Тотальная война. Выход из позиционного тупика — страница 84 из 148

На этом пути мышления создался и официальный ответ на письмо императора Карла.

Граф Чернин еще многократно выступал с вопросом о мире. Он высказывался в пользу уступок Франции, но при этом не мог сказать, имеется ли вообще у Антанты склонность к заключению мира, и существует ли хоть один доступный путь. Если бы только граф Чернин нашел такой путь, то он, наверно, указал бы нам его.

В своей речи от 11 декабря 1918 года граф Чернин дал подробное изложение своих взглядов на вопросы войны и мира. Правда, он хотел только подчеркнуть, что он предвидел катастрофу. Но это бесплодное дело. Пессимисты всегда оказываются умными людьми, и когда несчастье обрушивается, тогда все начинают удивляться их мудрости и толпа начинает воскуривать им, а заодно и себе фимиам. Они всегда предвидят несчастье, но если последнее не наступит, то и пессимисты, и толпа чувствуют себя вполне довольными. Они всегда оказываются в выигрыше. Людям дела – много хуже. Они находят себе оправдание только в случае успеха. И тогда толпа носит их на руках. Если же успеха нет, и даже обрушивается несчастье, то та же толпа избивает камнями тех же людей дела. Пессимисты и толпа не спрашивают, что сделали они сами и каковы заслуги людей дела в борьбе с несчастьем. От неспособной к рассуждению массы этого нельзя и ожидать. Но я удивляюсь, что граф Чернин пошел по тому же пути. Отдал ли он отчет себе и всему миру, что он в сложившейся обстановке фактически сделал, чтобы не выйти из войны побежденным и чтобы отвратить катастрофу от своей страны и от своего союзника?

К сожалению, граф Чернин не соблаговолил своевременно сообщить нам те факты, которые стали мне известны только из его речи. Именно он сказал:

«Между нашими представителями и представителями Антанты по различным поводам неоднократно устанавливался контакт, но это возникавшее общение ни разу, к сожалению, не сгустилось до начала более конкретных переговоров. Мы часто получали впечатление, что нам представляется возможность заключить сепаратный мир, без Германии, но в то же время нам ни разу не были указаны конкретные условия, на которых и Германия, со своей стороны, могла бы заключить мир.

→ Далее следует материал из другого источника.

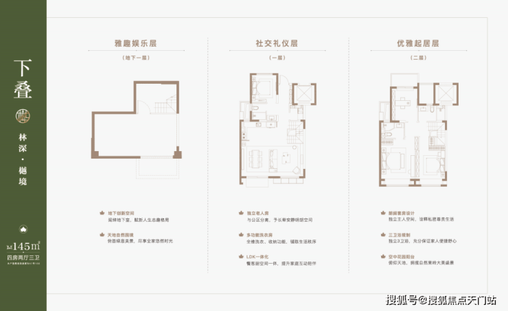 建筑面积约91-144㎡ 低密叠墅(复式住宅),则为改善置业者提供了新的选择。庭前一方天地、巨幕宽厅、星空露台、地下空间,称得上是城市墅居的理想范本!

Прежде всего, нам никогда не указывалось, что Германия может сохранить за собой свою довоенную территорию… Тем, что Антанта не соглашалась вести переговоры с Германией, отказывавшейся от каких-либо завоевательных стремлений, и тем, что Антанта продолжала стоять на желании уничтожить Германию, она только заставила нас вести оборонительную войну для Германии и невероятно усложняла наши задачи в Германии».

Если бы эти слова были произнесены раньше, то они заставили бы замолкнуть толки о соглашательском мире и, на спасение отечества, вновь воспламенили бы нашу волю к войне.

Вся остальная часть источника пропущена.